◇◆
Citing Data
Current publishing practice is to cite data sources in much the same manner that articles
and
books are cited, as part of a regular Bibliography or listed separately in
their own list.
Principles of Data Citation
The Force11
Joint
Declaration of Data Citation Principles
states (among other principles)
that:
- Data should be considered legitimate, citable products of research.
- Data citations should be accorded the same importance in the scholarly record as citations of other research objects, such as publications.
- In scholarly literature, whenever and wherever a claim relies upon data, the corresponding data should be cited.
- A data citation should include a persistent method for identification that is machine actionable, globally unique, and widely used by a community.
- Data citations should facilitate identification of, access to, and verification of the specific data that support a claim. Citations or citation metadata should include information about provenance and fixity sufficient to facilitate verifying that the specific timeslice, version, and/or granular portion of data retrieved subsequently is the same as was originally cited.
Data Citations in NISO STS
The STS citation models are adequate to record most current practice in citing data
even though
data sets, protein sequences, and spreadsheets (to name a few data examples) are not
tagged as
uniformly by the industry as are cited journals and books.
Specific STS structures that can assist in
preserving data source information in a citation include:
-
<data-title> — The formal title or name of a cited data
source (or a component of a cited data source) such as a dataset or protein structure.

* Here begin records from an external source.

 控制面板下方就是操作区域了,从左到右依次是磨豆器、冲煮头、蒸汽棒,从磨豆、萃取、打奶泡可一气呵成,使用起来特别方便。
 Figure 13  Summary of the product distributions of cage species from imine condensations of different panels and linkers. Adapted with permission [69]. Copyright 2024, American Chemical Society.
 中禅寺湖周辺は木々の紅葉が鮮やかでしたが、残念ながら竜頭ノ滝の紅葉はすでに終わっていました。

Since datasets can contain very complex relationships for citing data, both the <source> element and the <data-title> element may be needed within a single citation to describe different levels of the data source. The <data-title> is typically used as an equivalent of an article title (<article-title>).
-
<version> — A full version
statement, which may be only a number, for data or software that is cited or described.

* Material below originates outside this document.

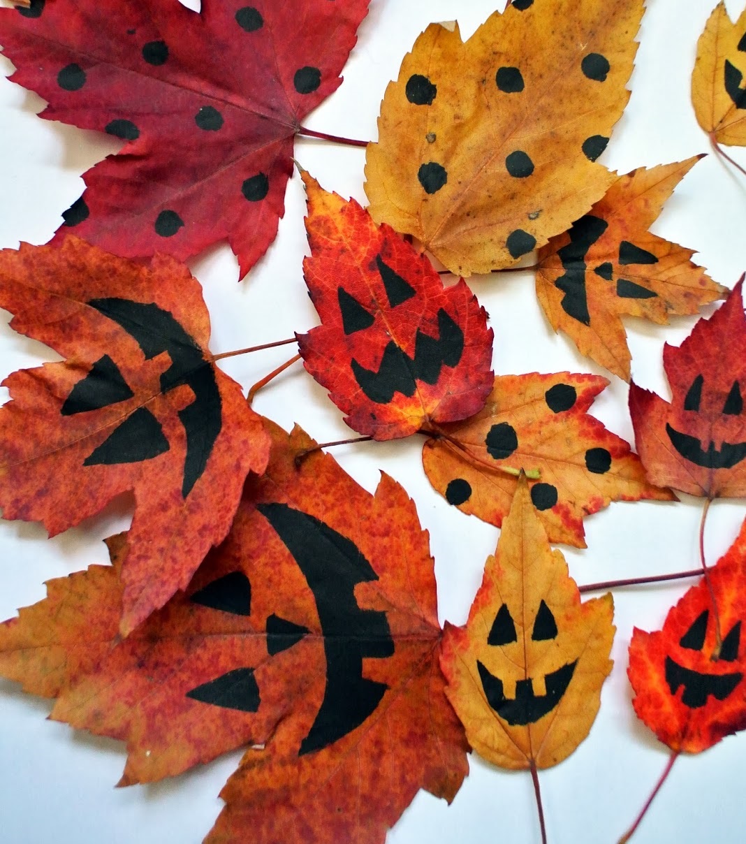 On s'inspire : des feuilles automnales peintes.

The content of this element may be a simple version number (such as “<version>16</version>” or “<version>XII</version>”). More complex version statements may contain a textual statement including dates that the dataset covers. Whether or not the content is more than a simple number, the @designator attribute of this element can be used to hold the simple numerical or alphabetic version number, if there is such a number: <version designator="16.2">16th version, second release</version>.
Describing how the Data Files were Used
For the purposes of citing data sources, three different
uses of the data associated with a standards document can be recognized:
- Generated Data: Included or referenced external data generated in the course of the study on which the standard or part of the standard is based.

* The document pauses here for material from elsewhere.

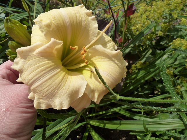Auch `Taos`hat zum ersten mal geblüht, aber da weiss ich nicht so richtig, was ich von ihr halten soll. ich hatte sie mir zarter vorgestellt und dann so eine derbe Riesenblüte.

- Analyzed Data: Referenced data analyzed in the course of the study for the standard, but not generated for the study. This may include publicly available datasets.
- Non-analyzed Data: Referenced data neither generated nor analyzed during the study.
The @use-type attribute (again on either
<mixed-citation> or <element-citation>)
may be set to explain how the data has been used in the research that led to the
article, for example, for distinguishing between:
“generated-data”, “analyzed-data”,
and “non-analyzed-data” (referenced data).